Figure 15-1. A: Gluteal asymmetry in a 4-year-old girl with persistent wetting and recent urinary tract infection. She was found to have severe reflux, high-pressure bladder, and renal scarring due to a tethered spinal cord. B: Incomplete gluteal fold associated with sacral agenesis.







Figure 15-2. External view of girl with epispadias. This is evident by the flattened mons pubis, bifid clitoris, and patulous urethra. The vagina is normal but anteriorly displaced. This child is continually incontinent.






Figure 15-3. Ectopic ureteral orifice in the perineum of a child with constant wetting. The angiocatheter is inserted into the orifice, which can be seen to drain drops of urine.






Figure 15-4. Intravenous pyelogram (IVP) of a child with continual wetting. The IVP reveals a duplicated right kidney and the upper pole ectopic ureter can be seen passing by the bladder toward the perineum.

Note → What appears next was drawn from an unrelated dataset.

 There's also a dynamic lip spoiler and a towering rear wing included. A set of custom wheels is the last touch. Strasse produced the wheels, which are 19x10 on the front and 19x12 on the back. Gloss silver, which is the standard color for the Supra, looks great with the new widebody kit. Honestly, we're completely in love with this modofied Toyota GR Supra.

Figure 15-5. DMSA scan in a child with continual wetting due to a small minimally functioning kidney drained by an ectopic ureter to the vagina. The small dysplastic renal unit is indicated by the arrows.

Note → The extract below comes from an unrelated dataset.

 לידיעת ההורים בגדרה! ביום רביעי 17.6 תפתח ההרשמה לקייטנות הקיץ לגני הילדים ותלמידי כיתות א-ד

Evaluation of the child should begin with a urinalysis and urine culture. Physical examination should assess any perineal lesions, bleeding, or discharge. The same assessment as for incontinence should be considered, as many patients with voiding dysfunction will have pain, with or without infection. Depending on the degree of discomfort and the likelihood of infection, empiric therapy may be started, but the quality of the urine culture must be considered. If it is contaminated and antibiotics have been started, it is almost impossible to obtain an accurate culture. If infection is present, further evaluation will depend on associated symptoms and age of the child. If the culture is negative, the urinalysis will guide therapy. If hematuria is present, imaging is essential to rule out neoplastic, structural, or calcific conditions, as discussed below. If pyuria alone is present one should consider Chlamydia infection in the sexually active adolescent girl (see Chapters 17 and 18), the rare possibility of
an occult inflammatory condition such as tuberculosis, or infection with a fastidious organism such as Ureaplasma. Further cultures, imaging, or empiric therapy are used as suggested by the context. If the urinalysis is clear, dysuria is likely due to dysfunctional voiding. If recent in onset, reassurance and instruction are usually satisfactory. If chronic, more intensive behavioral therapy as described below is needed, often with anticholinergic medications.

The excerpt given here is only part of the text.